There is no sense to it other than some bookkeeper’s wet dream.
The thing is, (writing from France) is that the many 737 Max contractors (landing gear all French made for example) are only just getting their heads above water after the 787 debacle. There, for the sub-contractors, it was not so much the battery grounding which caused pain, as the years and years of delays before the manufacturing got up and running.
Boeing had been ruthless in demanding new factories and machines, then left them unemployed for two or was it three years, with banks screaming, local authorities asking when promised jobs will come and competitors not chosen by Boeing laughing their heads off.
With the MAX it is a similar story. At least one sub-contractor after the 787 narrowly avoided going bust and opened its new factory in Morocco. They might survive, but others will not if it carries on much longer.
I have even heard one aeronautics type saying he would welcome a new trade “war” with the U.S. as it would protect Europe from Boeing…

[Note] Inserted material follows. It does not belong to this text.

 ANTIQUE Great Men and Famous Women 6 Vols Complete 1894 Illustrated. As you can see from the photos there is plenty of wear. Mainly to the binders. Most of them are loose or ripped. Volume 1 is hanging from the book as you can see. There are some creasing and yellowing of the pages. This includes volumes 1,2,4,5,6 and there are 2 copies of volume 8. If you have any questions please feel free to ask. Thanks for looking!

Calhoun will get MAX re-certified with all the MCAS bandages attached. He cannot start his new job until he divests himself from The Blackstone Group board.
He is outgoing, personable, and a former 26 year GE veteran employee. He is another financial expert, whose combined previous work experience and various board leadership positions …virtually all of it within the very high, elite levels of financial acquisitions, leverage buyouts, and company restructuring( especially the last 15 years) …making him a very effective communicator/public leadership figurehead/CEO for Boeing between the FAA, media, Congress, insurance industry, Wall Street, and the general public. Once MAX is back in the air with all of the glowing Boeing commercials sure to be shown to assure the public of it’s safety and superior comfort, Calhoun ( Boeing’s Damage Control Gumby #2) will step down with a statement something akin to “wanting to spend more time with the family”.

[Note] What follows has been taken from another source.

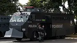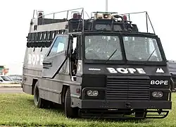 | Ford Cargo 815 | Armored personnel carrier | 12 | The most armored police vehicle in use in Brazil, "caveirão" (big skull) is extensively used on anti-narcotics operations in the city of Rio de Janeiro. Armored car transport values modified for police use. |

Meanwhile, Muilenburg takes home 12 million dollar a year pension, 32 million in performance award dough, 6.6 million in severance pay, and 59 million dollars ( in today’s value) contained within 176,000 shares of Boeing stock. I don’t think he has to worry where his next meal is coming from. He did his job well raising Boeing’s stock prices significantly during his tenure. And he did his job well as Boeing’s Damage Control Gumby #1. I am sure he will not want to jeopardize his separation package with any whistle-blowing.

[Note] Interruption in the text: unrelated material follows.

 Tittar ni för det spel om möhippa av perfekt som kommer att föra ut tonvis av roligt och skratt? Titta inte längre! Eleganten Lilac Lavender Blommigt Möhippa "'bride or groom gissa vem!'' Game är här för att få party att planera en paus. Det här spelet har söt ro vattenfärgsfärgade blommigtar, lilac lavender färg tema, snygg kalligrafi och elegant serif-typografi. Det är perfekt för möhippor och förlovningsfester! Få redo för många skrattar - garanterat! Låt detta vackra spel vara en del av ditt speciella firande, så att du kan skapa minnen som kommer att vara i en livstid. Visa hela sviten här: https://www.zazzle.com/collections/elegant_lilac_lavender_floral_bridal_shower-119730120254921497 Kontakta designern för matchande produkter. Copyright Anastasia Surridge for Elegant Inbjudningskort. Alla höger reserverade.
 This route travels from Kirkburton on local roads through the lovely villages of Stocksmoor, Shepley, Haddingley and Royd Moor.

Unless Boeing moves it its leadership back to Seattle to co-habituate with its engineering departments as it previously did, I see no signs that Boeing is making an internal cultural shift back toward engineering prowess as its company signature. The headquarter move to Chicago was specifically designed to separate and insulate the executive leadership from engineering. No, in my opinion, the financial horse will be ridden with new vigor. Damn the non-airworthy slat/flap tracks/MCAS torpedoes, full steam ahead!
And you’ve only mention part of Boeing’s troubles. The KC-46 Tanker Program is a disaster as well.
1. A few months ago I spoke with a southwest pilot who’d get on the MAX in a heartbeat. States SW pilots are well trained, lots of $ spent there. strongly suggested that may not have been the case with the 2 crash airlines. foreign, cut-rate training, etc. Why isn’t anyone talking about this? No one would think it OK to turn a 16 year old newly minted driver license Male loose in an INDY car on the track, but it seems OK for LION Air et al to do basically that.
2. Isn’t the KC-46 basically the same airframe as the 767? like the KC135 is basically a 707 with modern engines. Yes I know they made lots of small changes but I doubt it’s a truly completely different (clean-slate) bird. Or do the tweaks the military wants qualify it as a “new” design.